Diğer Maçlar: Perşembe akşamı oynanacak olan Khimki-Strasbourg ve Real Madrid-Bayern Münih maçları haftanın diğer karşılaşmaları.










sahinarif88@hotmail.com



twitter: @arifsahin1

2 Kasım 2015 Pazartesi

Eurocup'ta bu hafta

BANVİT: Efes maçındaki performansıyla, işleri yoluna koymaya başladığını gösteren Banvit; Steaua deplasmanında rahat kazanarak Eurocup'taki ilk galibiyetini elde etmişti. Bu maçta, Simmons bildiğimiz Simmons gibi oynadı, Slaughter ve Stephens için de iyi bir maç olduğunu söyleyebiliriz. Haftasonu Gaziantep'i konuk eden Banvit maça fırtına gibi başladı, sonrasında rakibin direnciyle farkı açamadılar ama maç boyunca skorda önde giden Banvit son bölümde daha iyi oynadı. Johnson ve Vidmar'ın öne çıkan isimler olduğunu söyleyebiliriz... Banvit gruptaki Türk takımlarına karşı karşıya getirecek olan maçta Trabzonspor'a konuk olacak. Bu maçı Banvit kazanırsa, grupta Trabzon'la galibiyetleri eşitleyecek ve gruptan çıkma yolunda iki deplasman galibiyetiyle avantaj yakalayacağını söyleyebiliriz. Mağlubiyet durumunda ise dördüncü sıra mücadelesine düşebilirler. Steaua'nun zorlaması zor gözükse de Buducnost'un kadro kalitesini düşünürsek ve ilk haftada Banvit'i yendiğini hatırlarsak Banvit için işler kötü olabilir.

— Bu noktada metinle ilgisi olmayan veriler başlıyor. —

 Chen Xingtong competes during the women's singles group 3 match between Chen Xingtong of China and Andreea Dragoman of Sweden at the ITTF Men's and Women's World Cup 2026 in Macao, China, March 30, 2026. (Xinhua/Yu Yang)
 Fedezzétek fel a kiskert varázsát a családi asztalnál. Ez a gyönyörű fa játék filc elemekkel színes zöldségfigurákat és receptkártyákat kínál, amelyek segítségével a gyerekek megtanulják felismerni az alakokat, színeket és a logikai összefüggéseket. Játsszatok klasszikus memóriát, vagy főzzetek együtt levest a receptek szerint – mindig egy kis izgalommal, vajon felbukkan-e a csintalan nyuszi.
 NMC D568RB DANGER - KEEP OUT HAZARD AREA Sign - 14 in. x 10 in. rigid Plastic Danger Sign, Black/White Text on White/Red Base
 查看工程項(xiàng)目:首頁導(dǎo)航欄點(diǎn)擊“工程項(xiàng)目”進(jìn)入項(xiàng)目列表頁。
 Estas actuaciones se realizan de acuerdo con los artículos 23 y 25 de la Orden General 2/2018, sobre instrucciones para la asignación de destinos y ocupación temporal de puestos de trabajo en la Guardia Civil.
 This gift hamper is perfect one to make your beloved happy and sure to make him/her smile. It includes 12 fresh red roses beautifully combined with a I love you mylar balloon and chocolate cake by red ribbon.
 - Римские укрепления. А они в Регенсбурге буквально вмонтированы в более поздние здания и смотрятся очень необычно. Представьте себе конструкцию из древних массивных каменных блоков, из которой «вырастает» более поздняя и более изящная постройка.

TRABZONSPOR MP: Bir iyi-bir kötü performansına devam eden Trabzonspor'da Velickovic'in iyileşme sürecinde olması ve takımın daha uyumlu bir performans göstermesinin önümüzdeki aylar adına olumlu sinyaller olduğunu söyleyebiliriz. Bu hafta Banvit'i konuk edecek olan Trabzon maçı kazanması halinde turu aşağı-yukarı garantilemiş olacak, mağlubiyet halinde ise hemen kriz ortamı olmayacaktır ama gelebilecek olan birkaç ekstra yenilgiyle Trabzonspor'un tur şansı zayıflayabilir.

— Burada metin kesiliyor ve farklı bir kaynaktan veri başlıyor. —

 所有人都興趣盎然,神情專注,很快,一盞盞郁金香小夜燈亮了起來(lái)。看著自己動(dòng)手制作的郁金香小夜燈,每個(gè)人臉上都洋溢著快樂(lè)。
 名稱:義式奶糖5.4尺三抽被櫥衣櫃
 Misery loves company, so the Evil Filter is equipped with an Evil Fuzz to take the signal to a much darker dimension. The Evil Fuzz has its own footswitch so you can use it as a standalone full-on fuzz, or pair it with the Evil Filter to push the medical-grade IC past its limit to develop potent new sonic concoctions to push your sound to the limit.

BEŞİKTAŞ SJ: Avtodor felaketinden sonra Dettman'la yollarını ayıran Beşiktaş, Yağızer Uluğ döneminde de yüksek skorlu maçlarını sürdürdü, PAOK deplasmanında farklı galibiyet geldi. Lampe 18s- 15r- 4a, Wolters 27s- 6r- 8a ile muhteşem performanslar sergilediler. Haftasonu da İBB karşısında yüksek skorlu galibiyetlerine devam eden Beşiktaş'ta bu iki maçta da altı oyuncu çift haneli skorlar ürettiler. Beşiktaş, bu hafta Eurocup'ın en zayıf takımlarından biri olan Szolnoki Olaj'ı konuk edecek.

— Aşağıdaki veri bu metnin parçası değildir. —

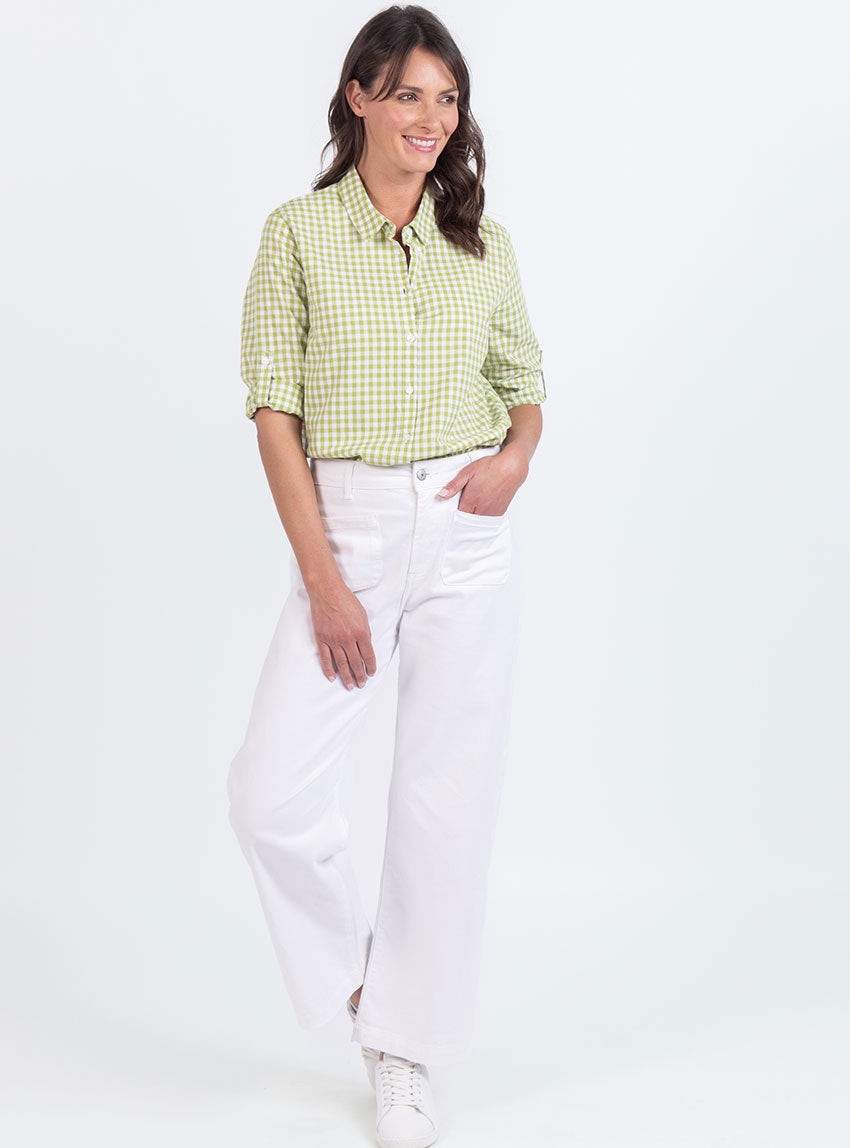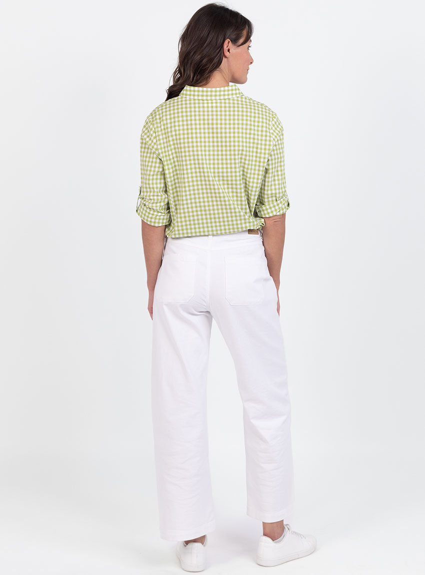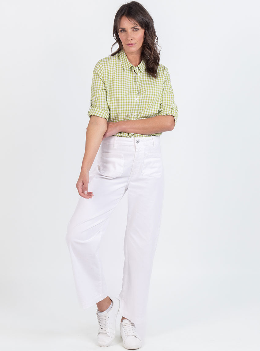 Le vichy vert anis, lumineux et plein de fraîcheur, apporte une touche graphique et estivale à votre tenue. Il se marie parfaitement avec un pantalon clair, un jean ou une jupe unie pour un look casual chic et naturel. Un motif iconique revisité dans une teinte pétillante, idéal pour dynamiser votre dressing.

GALATASARAY ODEABANK: Eurocup'a 3/3 ile başlayan GS, ligde de derbi maçta Fenerbahçe karşısında farklı bir galibiyet aldı. Bu haftaki rakip Krasny olacak. Krasny ilk hafta AEK deplasmanında uzatmada kazandıktan sonra Nizhny ve Neptunas maçlarını kaybetti. Skorer oyuncu Mitchell ayrıldı, Jajuan ve Cooper en önemli oyuncular -ki gard Cooper geçen hafta 13s- 8r- 10a ile triple-double kıyısından döndü- Jordan Hamilton ve Guinn de diğer önemli isimler diyebiliriz, dar bir rotasyonları var.